:: Raw data

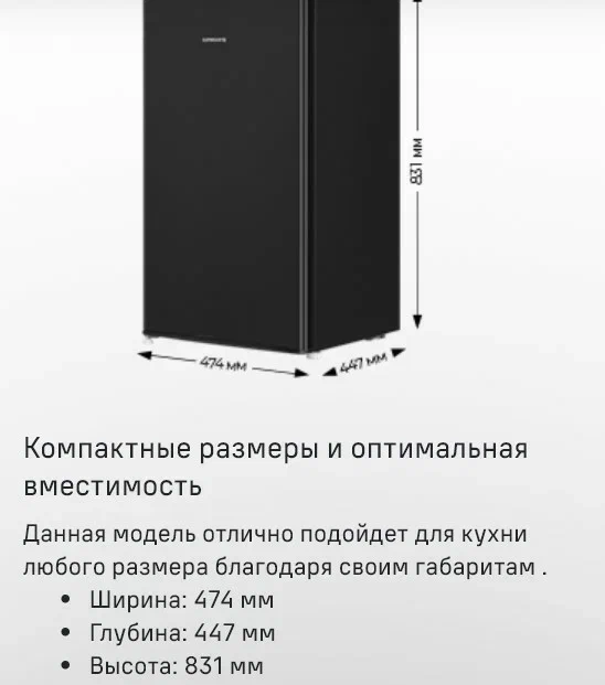 Компактный однокамерный однодверный холодильник высотой 83 см с камерой охлаждения.
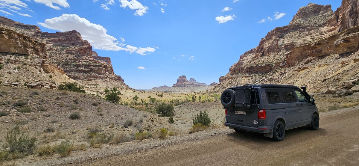 Unser nächste Schlafplatz befindet sich an einer Offroadstrecke die zu den Gemini Brücken führt. Da das Gelände sehr steil und steinig ist, lassen wir erst mal etwas Luft ab. Der Aufstieg ist nicht ganz einfach und Ramon steht oft ganz schräg. Simone steigt auch lieber aus und macht Videos und Fotos. Im Auto schwitzt sie fast mehr wie beim nebenher joggen bei 39° C Aussentemperatur. Joos bleibt da locker. Wird schon nicht schief gehen. Die Strecke zu fahren hat sich jedenfalls gelohnt. Die Aussicht während der Fahrt ist super. Ganz bis zu den Bridges schaffen wir es dann doch nicht – vielleicht wäre es schon gegangen, Simone war es aber nicht wohl dabei. Deshalb fahren wir zu unserem Stellplatz. Dieser ist zwar auch schön, kann aber mit dem Little Grand Canyon bei weitem nicht mithalten. Da sich der Platz direkt an einer Felswand befindet ist es auch sehr sehr heiss. Eine zweite Nacht bleiben wir bestimmt nicht.
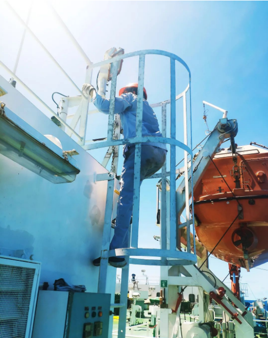 三伏天的太陽把船舶甲板曬得滾燙,鋼板溫度近70度,在甲板上工作的員工無法躲避強(qiáng)光與熱浪,只能如此進(jìn)行物理降溫。
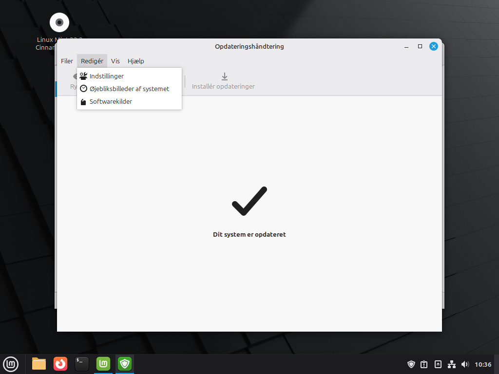(denne guide forudsætter at du benytter Linux Mint og ikke har ændret nævneværdigt på grænsefladens udseende)
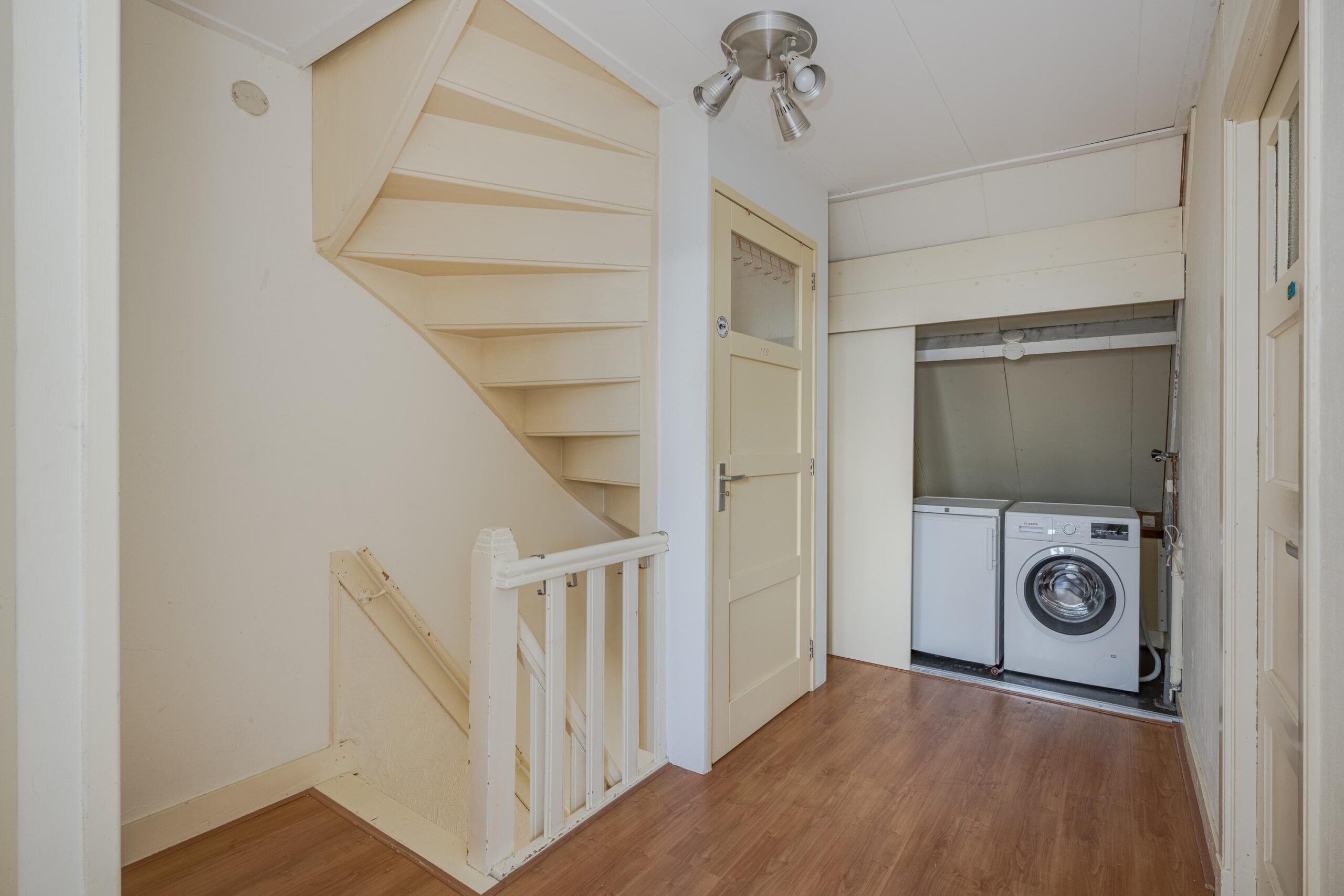 Begane grond: entree met meterkast, trap naar 1e verdieping en berging aan de achterzijde van de woning die ruimte bied aan meerdere fietsen.

::::

What is being asked: Every line above should be duplicated exactly; the pictures are to be left out.

Result of the task:
 Компактный однокамерный однодверный холодильник высотой 83 см с камерой охлаждения.
 Unser nächste Schlafplatz befindet sich an einer Offroadstrecke die zu den Gemini Brücken führt. Da das Gelände sehr steil und steinig ist, lassen wir erst mal etwas Luft ab. Der Aufstieg ist nicht ganz einfach und Ramon steht oft ganz schräg. Simone steigt auch lieber aus und macht Videos und Fotos. Im Auto schwitzt sie fast mehr wie beim nebenher joggen bei 39° C Aussentemperatur. Joos bleibt da locker. Wird schon nicht schief gehen. Die Strecke zu fahren hat sich jedenfalls gelohnt. Die Aussicht während der Fahrt ist super. Ganz bis zu den Bridges schaffen wir es dann doch nicht – vielleicht wäre es schon gegangen, Simone war es aber nicht wohl dabei. Deshalb fahren wir zu unserem Stellplatz. Dieser ist zwar auch schön, kann aber mit dem Little Grand Canyon bei weitem nicht mithalten. Da sich der Platz direkt an einer Felswand befindet ist es auch sehr sehr heiss. Eine zweite Nacht bleiben wir bestimmt nicht.
 三伏天的太陽把船舶甲板曬得滾燙,鋼板溫度近70度,在甲板上工作的員工無法躲避強(qiáng)光與熱浪,只能如此進(jìn)行物理降溫。
(denne guide forudsætter at du benytter Linux Mint og ikke har ændret nævneværdigt på grænsefladens udseende)
 Begane grond: entree met meterkast, trap naar 1e verdieping en berging aan de achterzijde van de woning die ruimte bied aan meerdere fietsen.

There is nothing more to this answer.